* [INFORMATION SHOWN]
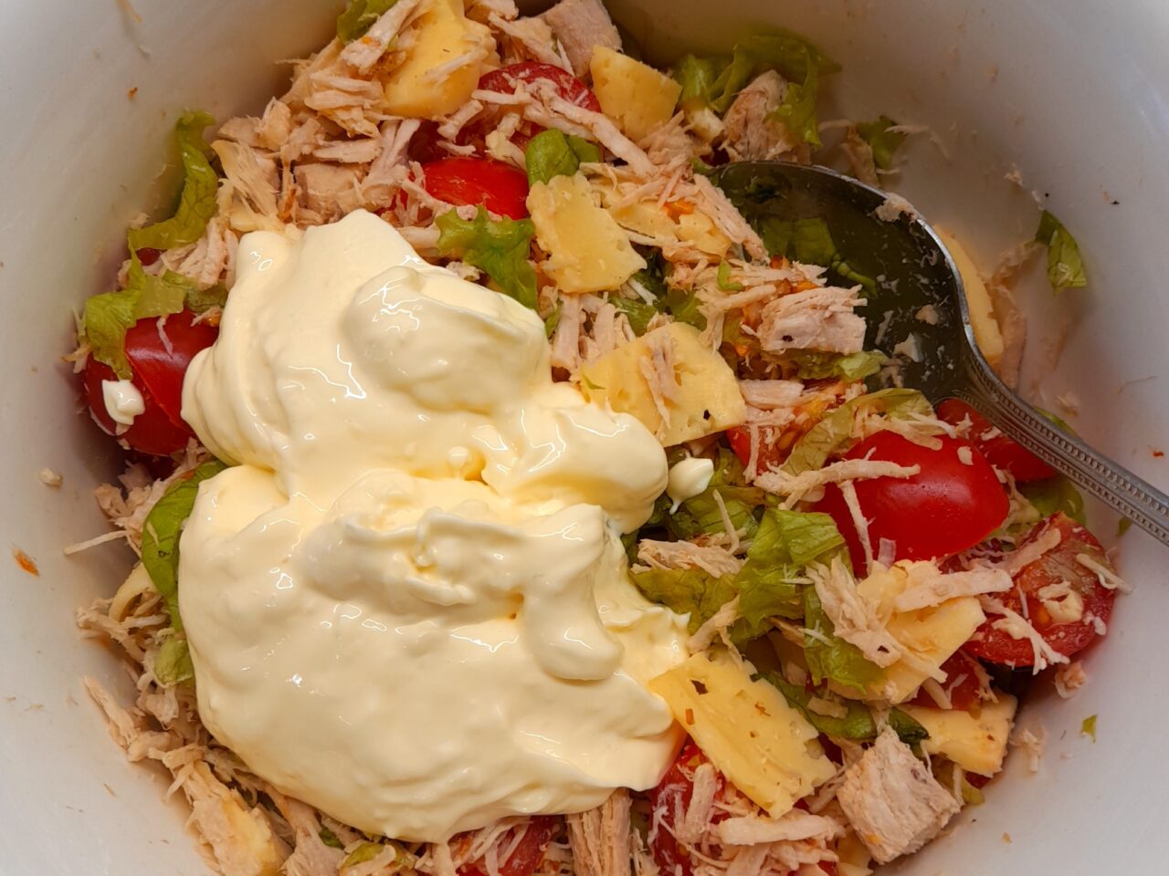 - Pregătiți dressingul. Se amestecă maioneza și usturoiul tocat într-un bol separat.
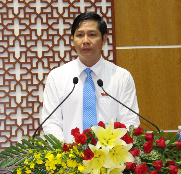 Ông Lê Anh Tuấn- Trưởng ban Kinh tế - Ngân sách HĐND tỉnh trình bày báo cáo thẩm tra tình hình thực hiện kế hoạch phát triển kinh tế - xã hội 6 tháng đầu năm và nhiệm vụ trọng tâm 6 tháng cuối năm 2017.
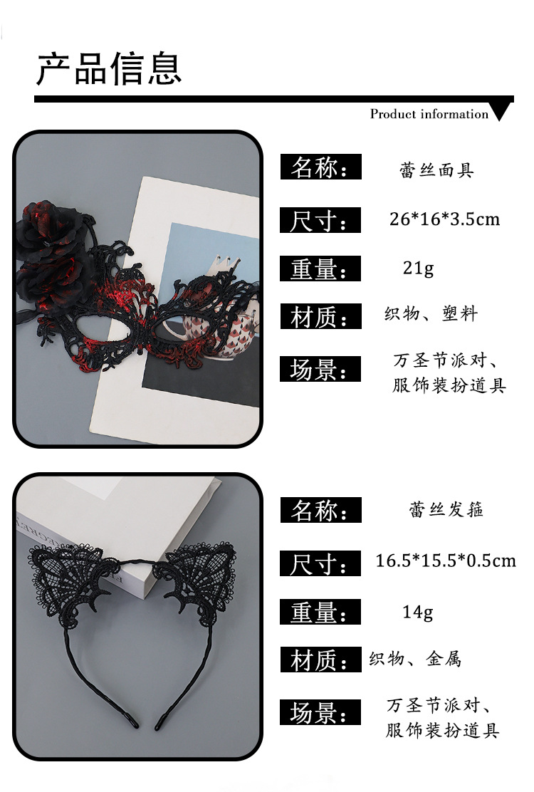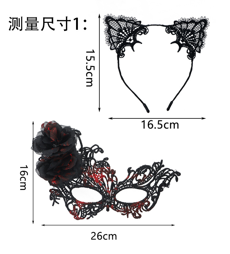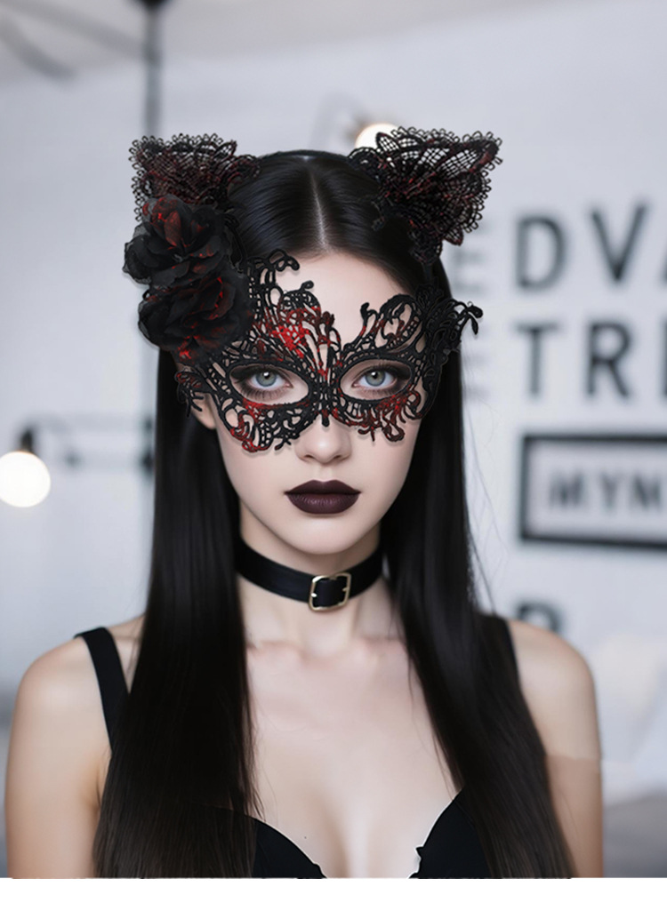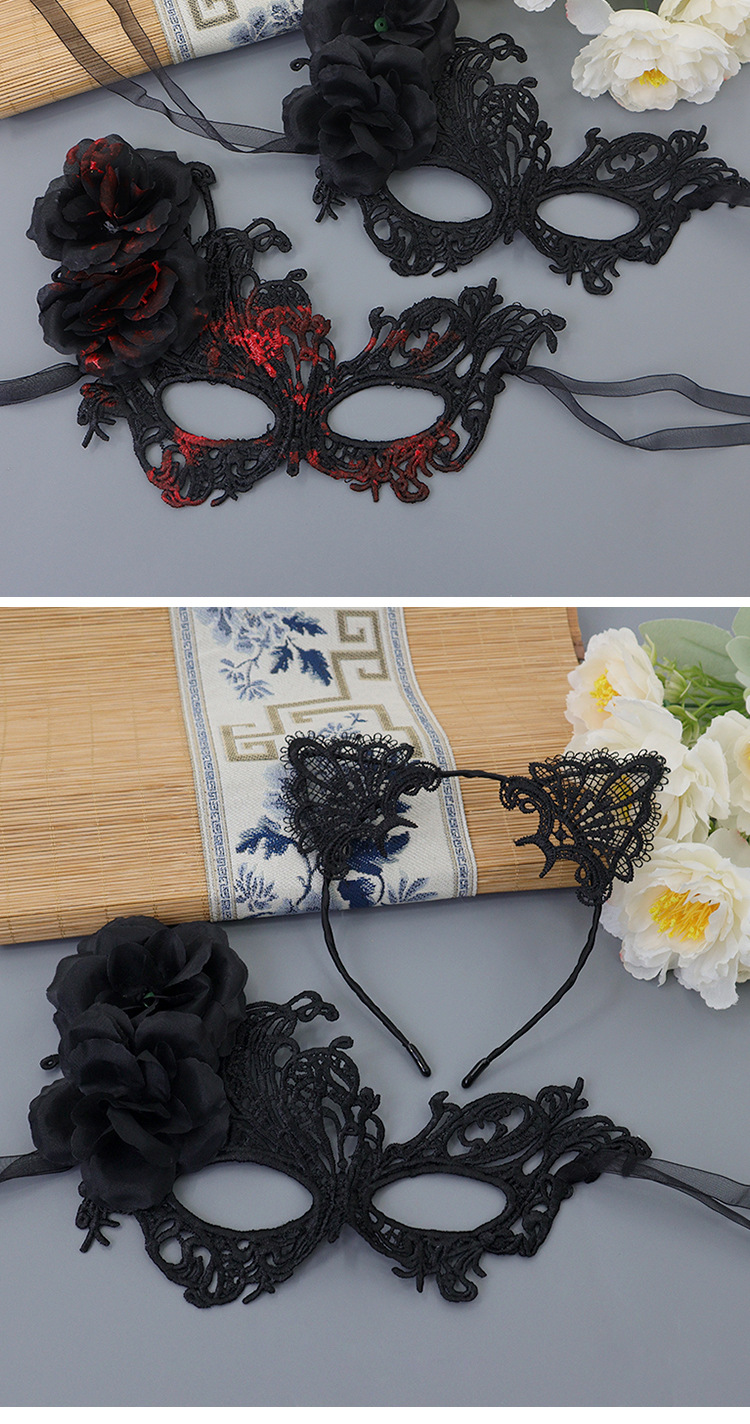 Halloween nueva máscara de encaje de rosa caliente misteriosa sexy mitad cara adorable gato orejas conjunto de banda de pelo
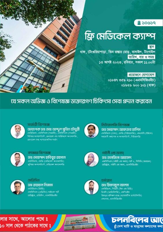 ডায়াবেটিস এন্ড হাইপারটেনশন এ্যাওয়ারনেস ফাউন্ডেশন ধাফ (DHAF) এর আয়োজনে ফ্রি_মেডিকেল_ক্যাম্প অনুষ্ঠিত হবে। ফ্রি মেডিকেল ক্যাম্পে ঢাকা আহ্ছানিয়া মিশন ক্যান্সার এন্ড জেনারেল হাসপাতাল হতে আগত মেডিকেল ক্যাম্পে সার্জারী, নিউরোলজি, ক্যান্সার,গাইনী, মেডিসিন, চর্মরোগ বিশেষজ্ঞ ডাক্তারগণ ফ্রি চিকিৎসা প্রদান করবেন ৷
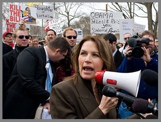 Bachman also shares Sarah’s love of God, as long as it is her God, country, her country and her spiritual thinking. All others need not apply. Left winger, right winger, nope Church and State winger with a lot of thumping, yes.
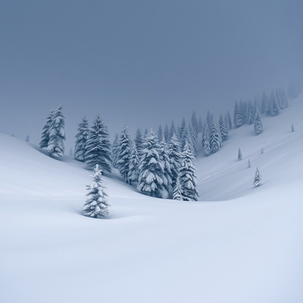 Snowy Hills, Pines Trees, Heavy Snowfall, Nighttime
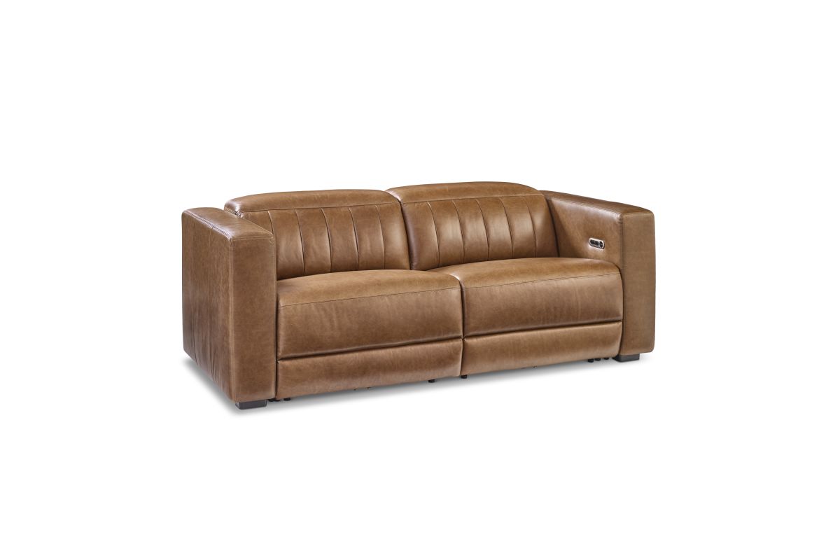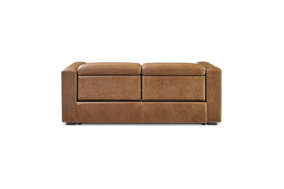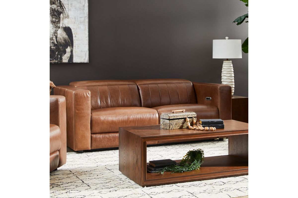 Casually elegant and substantial in form, the Austin power reclining sofa with power headrests defies first-impression expectations with customizable comfort and Zero Gravity technology. Wide track arms and spacious seat cushions beckon relaxation, while alluring in-back channeling and a bold geometric profile add contemporary flair. Upholstered in sumptuous leather that develops a unique patina as it ages, the Austin sofa is designed to be cherished by those who appreciate the authentic character of materials.

* [DESCRIPTION OF THE TASK]
Please write out all of the data verbatim, with no pictures in the copy.

* [EXPECTED ANSWER]
 - Pregătiți dressingul. Se amestecă maioneza și usturoiul tocat într-un bol separat.
 Ông Lê Anh Tuấn- Trưởng ban Kinh tế - Ngân sách HĐND tỉnh trình bày báo cáo thẩm tra tình hình thực hiện kế hoạch phát triển kinh tế - xã hội 6 tháng đầu năm và nhiệm vụ trọng tâm 6 tháng cuối năm 2017.
 Halloween nueva máscara de encaje de rosa caliente misteriosa sexy mitad cara adorable gato orejas conjunto de banda de pelo
 ডায়াবেটিস এন্ড হাইপারটেনশন এ্যাওয়ারনেস ফাউন্ডেশন ধাফ (DHAF) এর আয়োজনে ফ্রি_মেডিকেল_ক্যাম্প অনুষ্ঠিত হবে। ফ্রি মেডিকেল ক্যাম্পে ঢাকা আহ্ছানিয়া মিশন ক্যান্সার এন্ড জেনারেল হাসপাতাল হতে আগত মেডিকেল ক্যাম্পে সার্জারী, নিউরোলজি, ক্যান্সার,গাইনী, মেডিসিন, চর্মরোগ বিশেষজ্ঞ ডাক্তারগণ ফ্রি চিকিৎসা প্রদান করবেন ৷
 Bachman also shares Sarah’s love of God, as long as it is her God, country, her country and her spiritual thinking. All others need not apply. Left winger, right winger, nope Church and State winger with a lot of thumping, yes.
 Snowy Hills, Pines Trees, Heavy Snowfall, Nighttime
 Casually elegant and substantial in form, the Austin power reclining sofa with power headrests defies first-impression expectations with customizable comfort and Zero Gravity technology. Wide track arms and spacious seat cushions beckon relaxation, while alluring in-back channeling and a bold geometric profile add contemporary flair. Upholstered in sumptuous leather that develops a unique patina as it ages, the Austin sofa is designed to be cherished by those who appreciate the authentic character of materials.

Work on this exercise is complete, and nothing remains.